◆ Material for this task:
------------------------

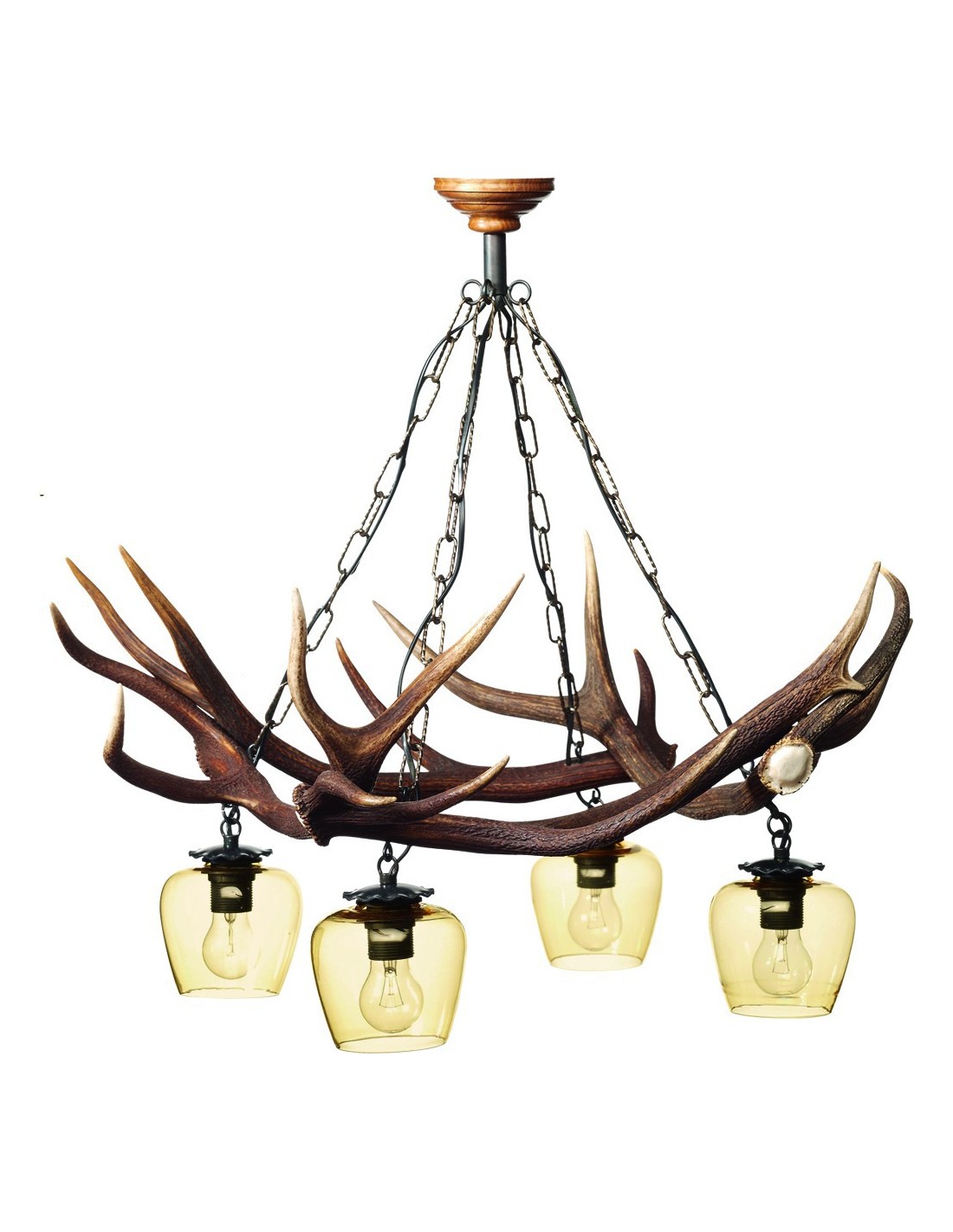 Lustre branches de cerf moyenne décors de chasse
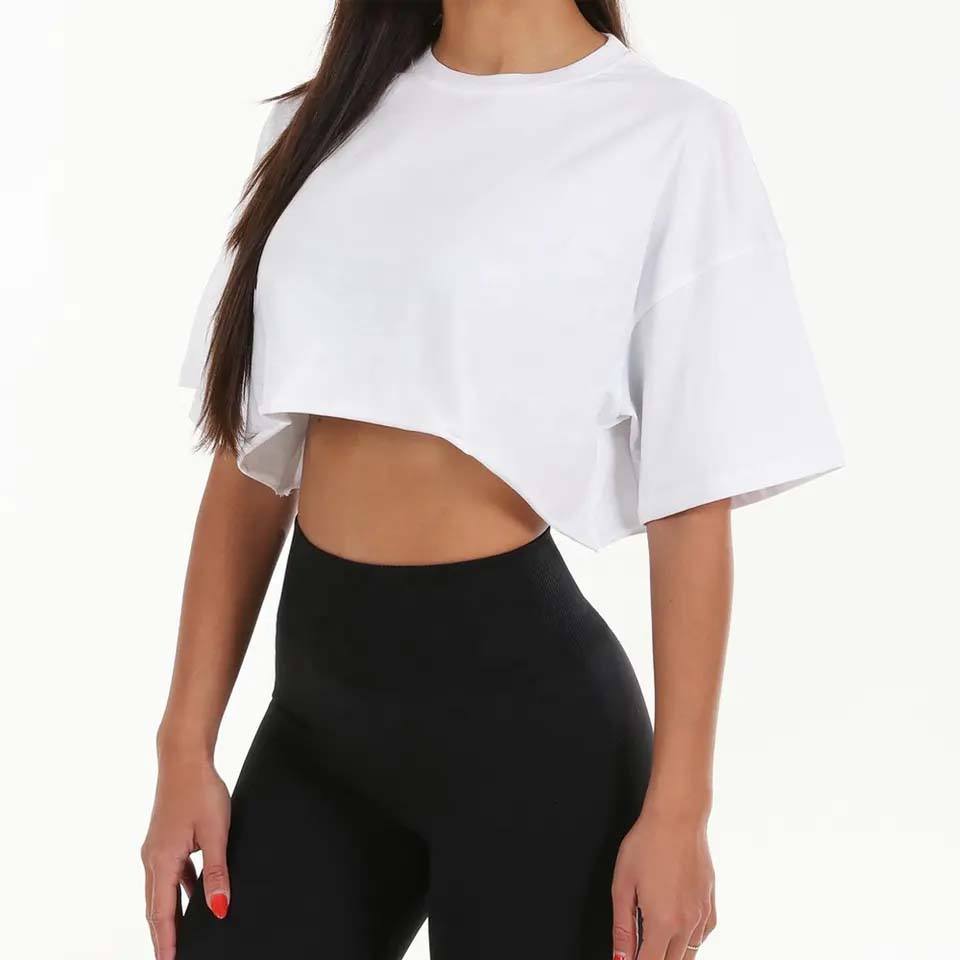 เสื้อครอปใส่ออกกำลังกายผ้าคอตตอนลำลองเสื้อครอปสำหรับเล่นโยคะเสื้อออกกำลังกายโลโก้ออกแบบได้ตามต้องการ
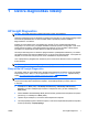 Paroles tiltslēga atiestatīšana Lai atspējotu ieslēgšanas vai iestatījuma paroles līdzekļus vai notīrītu tās, rīkojieties šādi: 1. Beidzējiet operētājsistēmu, izslēdziet datoru un visas ārējās ierīces un atvienojiet strāvas vadu no kontaktligzdas. 2. Pēc tam, kad strāvas vads ir atvienots, vēlreiz nospiediet strāvas pogu, lai atbrīvotu sistēmu no uzkrātās strāvas.
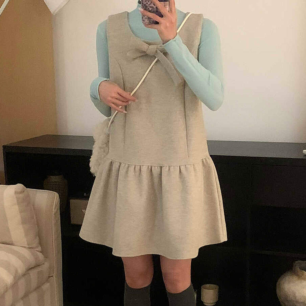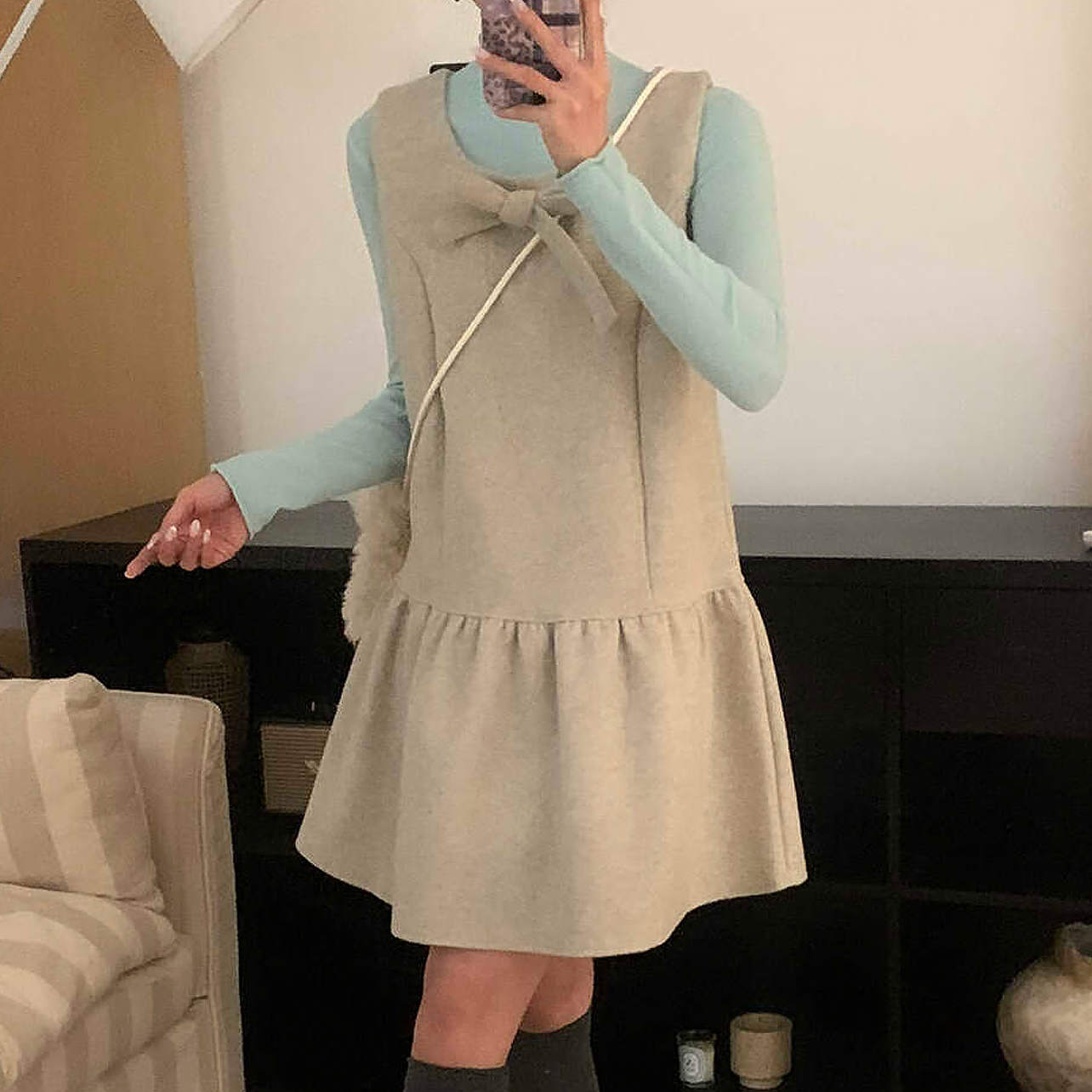 ゆったりとしたニットトップスと可愛いリボンデザインのロングワンピースの組み合わせで、
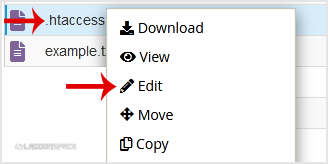 5. Right click on the .htaccess file and then on "Edit" or "Code Edit" in the Context Menu.
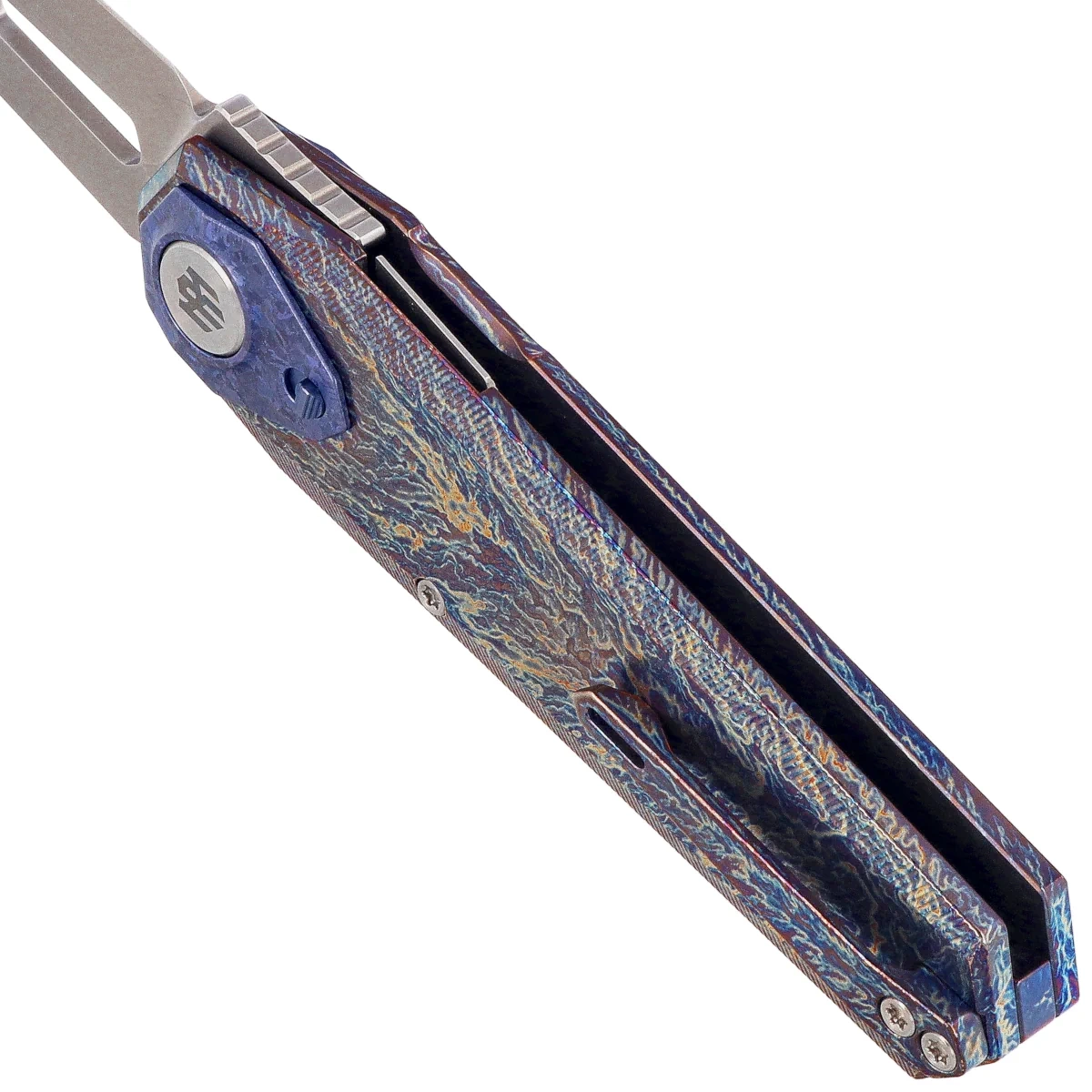 Handle - made of heat-dyed titanium 6AL-4V stands out for its minimalist design and balanced construction, providing ergonomics, durability and low weight. The milled lines increase grip and add technical character, while the precisely rounded edges take care of grip comfort. A decorative inlay around the pivot highlights the workmanship detail, combining aesthetic value with custom design symbolism. The button liner lock guarantees rigidity and safety in use, while the deep carry clip allows you to carry the knife comfortably in your pocket. There is also a lanyard hole on the back of the backspacer - a practical element for increased portability and personalization.

------------------------

◆ Task objective: Print only the lines from the opening line of the listing to the line containing "5. Right click", inclusive, exactly as they appear and without pictures.

◆ Response box:
 Lustre branches de cerf moyenne décors de chasse
 เสื้อครอปใส่ออกกำลังกายผ้าคอตตอนลำลองเสื้อครอปสำหรับเล่นโยคะเสื้อออกกำลังกายโลโก้ออกแบบได้ตามต้องการ
 Paroles tiltslēga atiestatīšana Lai atspējotu ieslēgšanas vai iestatījuma paroles līdzekļus vai notīrītu tās, rīkojieties šādi: 1. Beidzējiet operētājsistēmu, izslēdziet datoru un visas ārējās ierīces un atvienojiet strāvas vadu no kontaktligzdas. 2. Pēc tam, kad strāvas vads ir atvienots, vēlreiz nospiediet strāvas pogu, lai atbrīvotu sistēmu no uzkrātās strāvas.
 ゆったりとしたニットトップスと可愛いリボンデザインのロングワンピースの組み合わせで、
 5. Right click on the .htaccess file and then on "Edit" or "Code Edit" in the Context Menu.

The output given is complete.